8,518 posts, read 15,639,558 times
Reputation: 7711
Quote:
Originally Posted by blazejen View Post
I've posted about this relationship I'm in a few times before. I live with my bf/pseudo-fiance and we have lived together for 2 years. We've had issues, for sure, and we have tried to break up numerous times, but every time we talk through it. He has always talked and talked and talked ad nauseum. Until about 1 month ago, he was extremely sensitive (more so than me - and I am dam* sensitive!) and always addressed my feelings if I told him about them. He said he felt that whenever we have an issue we should tell each other about it.

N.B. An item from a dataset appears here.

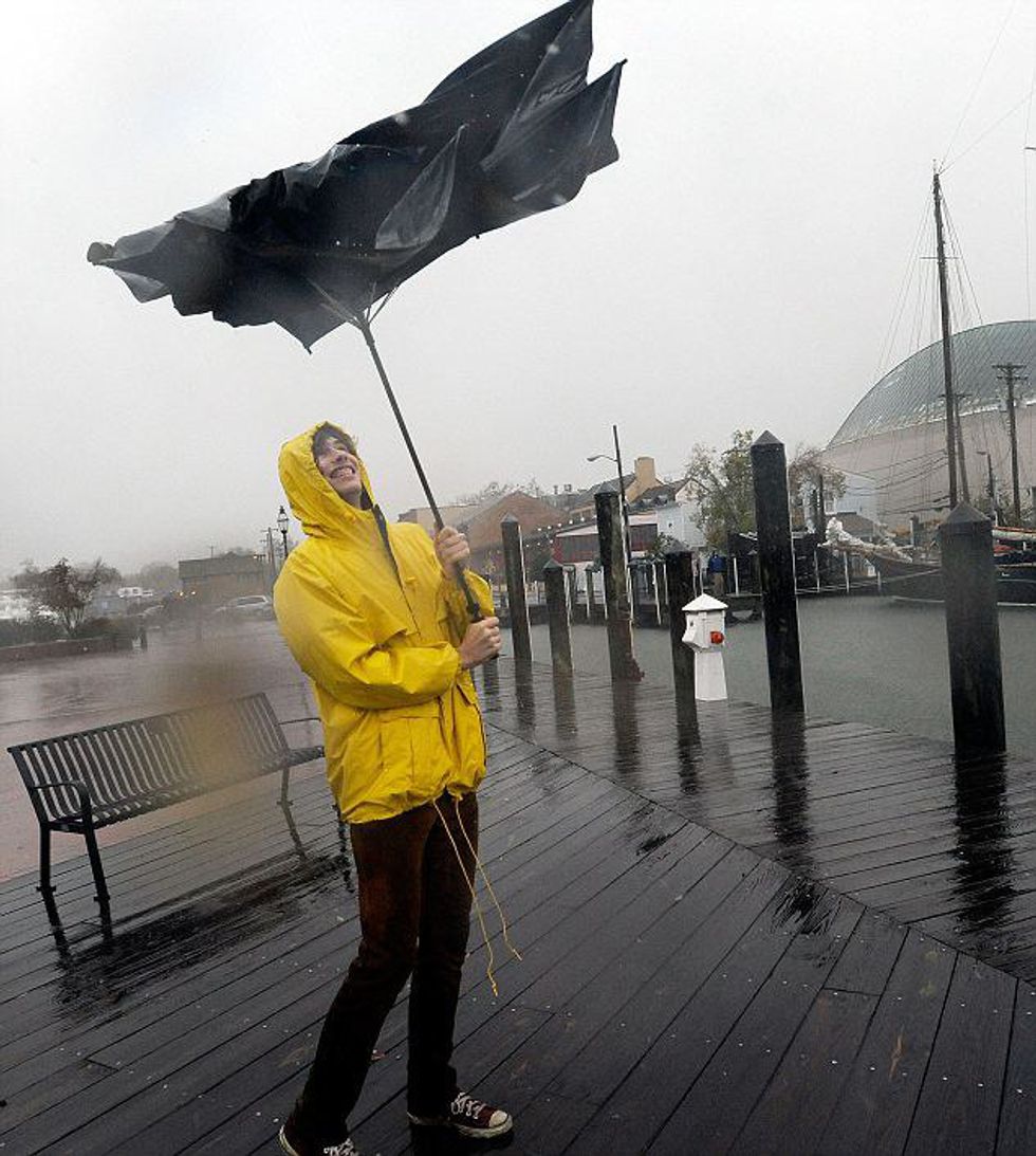 When your umbrella keeps flipping over, it becomes pointless to try to fix it. Then you proceed start a new fashion where strutting a flipped umbrella is the new fashion.

Fast forward to last 3 times I've shared an issue. In the past month, he has just said "hmph." and ignored it. Very weird. Mainly a weird contrast. So strange I wonder if he talked to one of his hyper-masculine friends about how to end arguments in a relationship and was given the advice, "Say nothing."

Example1:
Me: "It's really bothering me that you play WoW all evening and all weekend. We used to do things together outside, etc. And now that game seems to have become what I ussed to be to you. I think I'm getting jealous..."
Him: "Hmph." *returns to playing his game*

Ex2:
Me: "It really bothers me that you encourgaed your mother in disparaging my educational endeavour."
Him: "Hmph. What am I supposed to say? I agree with her."

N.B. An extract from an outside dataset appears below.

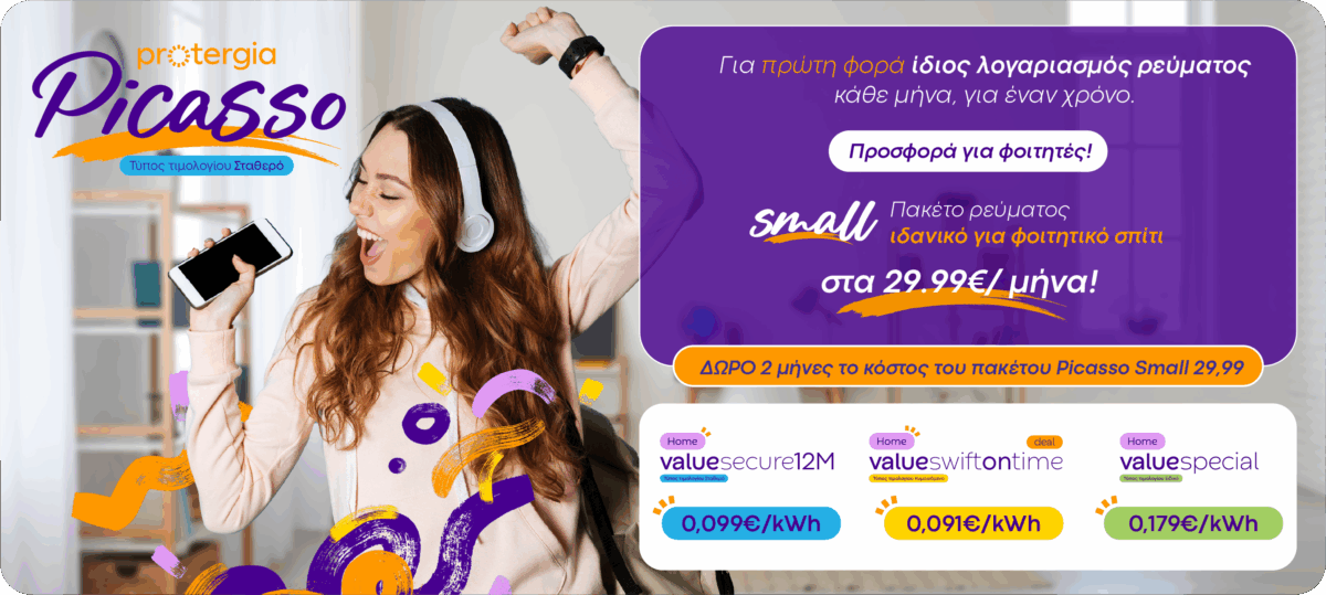 Ειδικά για φοιτητές η Protergia προσφέρει το Protergia Picasso Small 1 που καλύπτει όλο το κόστος ενέργειας του φοιτητικού σπιτιού με 29,99€ το μήνα για να ξέρεις ακριβώς τι θα πληρώνεις κάθε μήνα. Και επιπλέον, 2 μήνες ΔΩΡΟ.

Ex3: (last Friday when he started to talk to me while he was playing Wow and I was talking to him about something and realized he wasn't responding and I said, "Mike?" and he snapped at me and said "WHAT!")
Him (30 mins later): "What's wrong?"
Me: "I'm still a little annoyed that you snapped at me. I feel that you were treating me like that kid next door that gets on your nerves."
Him: "You were acting like him."
Me: "Well, I don't think there's any reason to snap at me."
Him: *storms off and downstairs*

Me: *30 minutes later* "Why do you keep ignoring me when I tell you how I feel about something? Why can't you just apologize for snapping and tell me you'll try not to do it anymore?"
Him: "What I'm supposed to chase you around the house begging for your forgiveness?"

Anyway, I don't know what's up. Maybe he just feels that eventually I'll break up with him and leave...

It's just strange - because he has *always* in the 2.5 years we've been together, been The Communicator. It hasn't always been constructive - in fact he's lousy and always pulls out these absurd absolutes (e.g., "You always _____" when I don't) but he's always been willing to talk.

Now he just plays the stupid game night and day every moment when he's not working. And doing anything else is a huge inconvenience because it will interfere with his WoW time. Just weird.
Sounds like you're dating a child. Dump him.